Still, the overall picture for EUR remains constructive as long as the pair stays above the 100-daily moving average
The euro keeps losing ground for the fifth day in a row on Thursday, edging to two-month lows around 1.1630 in recent trading. EURUSD could threaten the 1.16 handle if the selling pressure persists in the short term while on the upside, the immediate resistance now arrives at 1.17.
The main reason behind the current weakness in the common currency is a strong dollar. The US currency demand picked up amid risk aversion that sent the USD higher across the board. Also, the euro was unimpressed by generally weak economic data out of the Eurozone, with PMIs coming at lower-than-expected. Today, the IFO report showed that the German business climate came in below estimates at 93.4 in September, although it improved from the previous reading.
Also, investors continue to express concerns over the pace of the economic recovery amid the second wave of the coronavirus pandemic while hopes for another stimulus package from Washington appear to be dying off.
At the same time, bearish moves in the common currency are dimmed as corrective, with the overall picture remains constructive as long as the pair stays above the 100-daily moving average that arrives at 1.1470 where the 20-weekly SMA arrives as well.
Later today, US jobless claims data and Powell’s statement could affect the short-term direction in the pair.
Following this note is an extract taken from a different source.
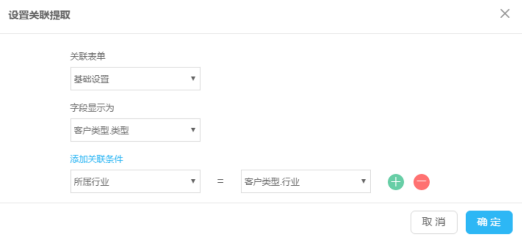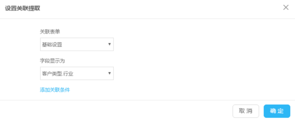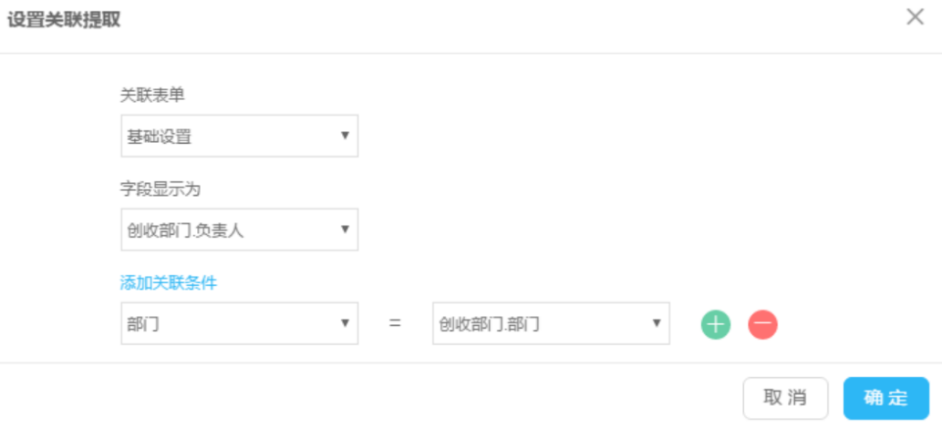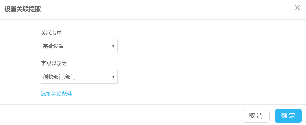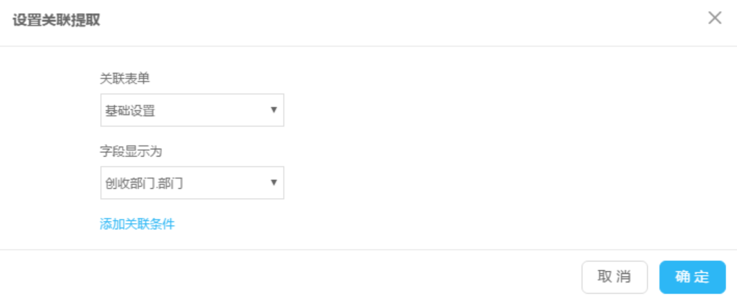 其中,部门为下拉选择、起始时间和结束时间为日期文本,分析结果为列表,分析结果包含应收款周期单行文本、应收金额货币文本两个子字段,部门选项值类型为关联提取,设置关联字段如下图:

If the greenback accelerates the current ascent, EURUSD could pierce the 1.16 support for the first time since July 24.
In a wider picture, the euro may face strong support during the extended correction and stage a bounce once investor sentiment improves. However, should virus-related risks in Europe continue to rise, the common currency will likely struggle to regain the bullish bias.
On the upside, the pair needs to get back above the 1.17 handle first while a break above the 20-DMA around 1.1815 would signal the easing selling pressure. As of writing, the prices were off lows but still in the negative territory.